# How-To Tips



## hauntityourself (May 27, 2010)

Here the Powerhouse of Terror crew will share tutorials on haunted house set design and build, prop building, special fx make-up and more. We will also give some tips and tricks for affordable DIY projects. Feel free to share your projects as well. We are always looking for cool new ideas or ways to improve existing methods. Thanks for watching and Enjoy!!


----------



## hauntityourself (May 27, 2010)

Here is a short video about some foam masonry columns we are working on. Let us know if you have any questions or comments!! Thanks for watching.


----------



## Vlad (Aug 2, 2005)

Hi Haunt it. It sounds great. I moved this general discussion thread on what you're up to here, and look forward to seeing completed How Tos in the How To section. I need all the help I can get, lol.


----------



## Headless (Sep 4, 2011)

Nice work. I'm loving foam. Just wish I could get more of it. And I'm with Vlad - I need all the help I can get as well!!!!!


----------



## hauntityourself (May 27, 2010)

Hey guys! Thanks for watching! We have tons of tutorials on some cheap and easy DIY ideas for your haunted house. Let us know exactly what you would like to see and if we don't already have a video, we will gladly film one. We need to know what you would find most helpful whether it be more foam masonry, special fx make-up, haunted house build tips, making a facade etc.. also feel free to share your opinions. If you think there's an easier or more effective way of doing something, we want to know!! Thanks for watching!!


----------



## hauntityourself (May 27, 2010)

Hey guys! Here is a look at the Powerhouse of Terror Scare Team preparing themselves to head out into the streets of Toronto, Canada to wish everyone a scary x-mas, as well as some more hilarious reactions from the santa scare prank!! Hope you enjoy this episode of Hauntventures!


----------



## Allen H (Feb 13, 2010)

Great channel guys, I subscribed!


----------



## ouizul1 (May 22, 2010)

Yup, yup...good stuff, thanks! Took a quick preview of your channel, liked it and subscribed...looking forward to taking a more in-depth look.


----------



## hauntityourself (May 27, 2010)

Allen H said:


> Great channel guys, I subscribed!


Thanks so much Allen! We appreciate your support.


----------



## hauntityourself (May 27, 2010)

ouizul1 said:


> Yup, yup...good stuff, thanks! Took a quick preview of your channel, liked it and subscribed...looking forward to taking a more in-depth look.
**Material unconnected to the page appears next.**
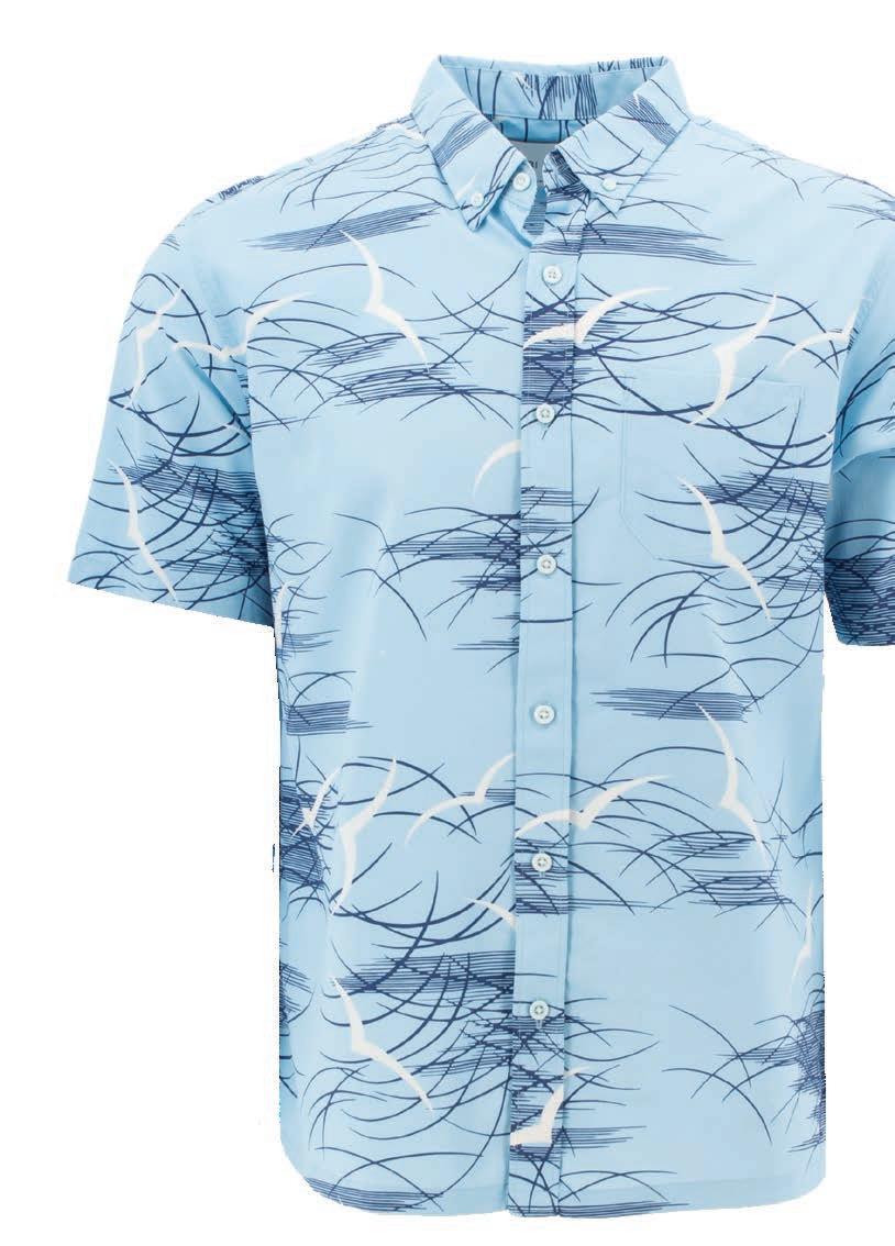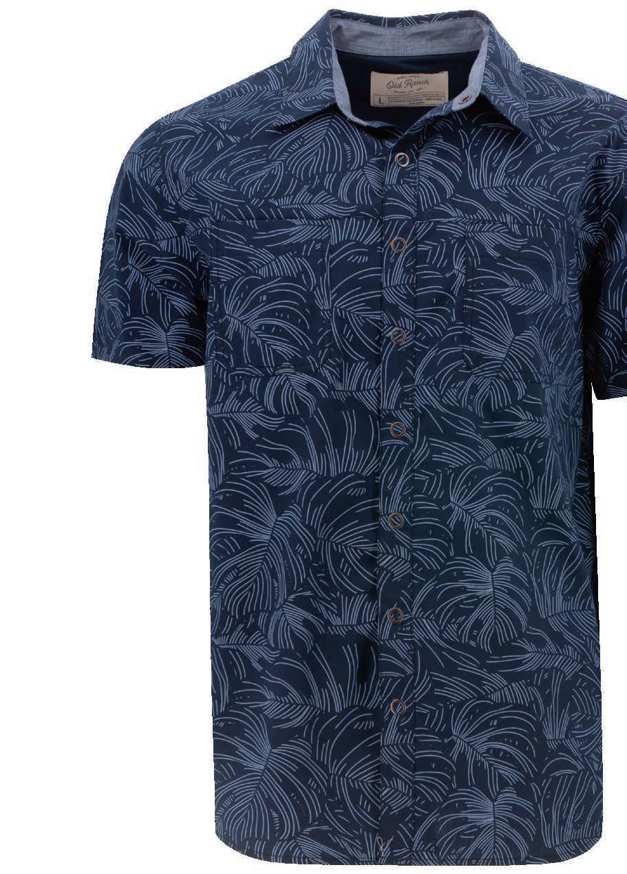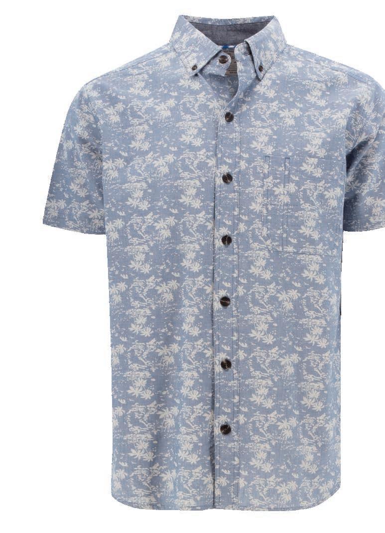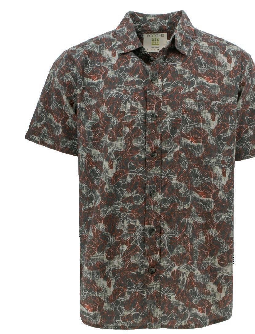 One of the best features of the Fair Trade Certified™ Oasis Capeback Shirt is the vent hidden into the back yoke with breathable mesh inside. This makes this shirt perfect for long days when you still want to look your best. The fabric, made from 60% organic cotton, also helps make this shirt comfort able during the warmest days. Breathable, lightweight, and easy-going. The classic details throughout shine, including the but ton-snap front, spread collar, and architec tural seam along the front and back. The subtle palm print gives interest without shouting: “This is my first time visiting Hawaii.”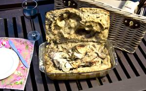 In heißen wie kalten Sommern ist die Idee, gebratene Hühnerkeulen in einem selbst gebackenen Brot zu thermokonservieren, brauchbar. Hierfür spicken wir die Schenkel mediterran mit Limetten, Knoblauch und Rosmarin, krossen die Haut unter dem Grill kurz an und versenken das Tier in selbst gekneteten Sauerteigmatsch. Brot und Fleisch bleiben, wenn man die Picknickdecke um die minimal abgekühlte Backform wickelt, locker bis zu zwei Stunden verzehrwarm – und man hat gleich ein extrem frisches Brot als Beilage für Hühnchen wie auch die anderen Fingerfoodfressereien parat.

Thanks so much! There's tons more in the next episodes of Hauntventures. We are planning on doing alot more in depth tutorials and how-to videos. Is there anything specific you are interested in seeing more of? Your feedback would be very helpful when creating future videos.


----------



## hauntityourself (May 27, 2010)

Take a look at Hauntityourself having some fun scaring gamers at 2011 Midwest Haunters Convention. We can't wait to return next year with our team. Such a blast


----------



## GrimleeFeindish (Jan 23, 2009)

Ill check out your vids, thanks. I would like more info on building a facade for a house. I think the thing that most people have a problem with, maybe just me, is attaching or securing the facade (or theater flat) to the house. I really think that to take a home haunt to the next level you have to fundamentally change the face of the house, unless you live in a killer old victorian home. Those of us in the burbs want to change the face of our house for as cheap as possible without nailing crap to the house, its definitely a challenge. And dont forget storage. Holy crap. Darkrose Manor did a great job with a facade. Hope this post makes sense, Im working on 3 hrs of sleep. THanks in advance.


----------



## hauntityourself (May 27, 2010)

In this episode of Haunt Ventures Jason Dasti explains the madness behind how to create perfect smashed walls


----------



## hauntityourself (May 27, 2010)

Here's a look at the Powerhouse of Terror haunt team getting crafty!! We are working on our 2012 media kits. We are in the beginning stages of creating these little coffins, but we wanted to share our progress so far, as well as some "safety tips". Let us know what you think!


----------



## Drago (Sep 5, 2011)

Keep up the good work guys/gals, mucho appreciated.


----------



## hauntityourself (May 27, 2010)

Hey guys, here is a video we hope will be helpful when using airbrush for make-up in your haunted house. We show some troubleshooting tips that you may find useful. Thanks for watching. 




 - teaching airbrush




 - airbrush troubleshooting


----------



## hauntityourself (May 27, 2010)

Take a look at our portable make-up area from which doubles as a break area for our actors. This video was shot during the summer 2011 at the Mississauga ribfest where we had set up CarnEvil Manor, our promotional haunted attraction for our October event, the Powerhouse of Terror in Toronto Canada.


----------



## hauntityourself (May 27, 2010)

Here is a continuation of the foam masonry video that was posted earlier. We just filmed a complete tutorial from start to finish and that will be posted within the next few days. Thanks for watching and enjoy!!!


----------



## hauntityourself (May 27, 2010)

We found some great affordable make-up supplies for our haunted house at our local dollar store! The brushes we found here are great quality and best of all, really cheap!! These will be great for the kits we are creating for our actors to apply their own make-up.


----------



## hauntityourself (May 27, 2010)

Drago said:


> Keep up the good work guys/gals, mucho appreciated.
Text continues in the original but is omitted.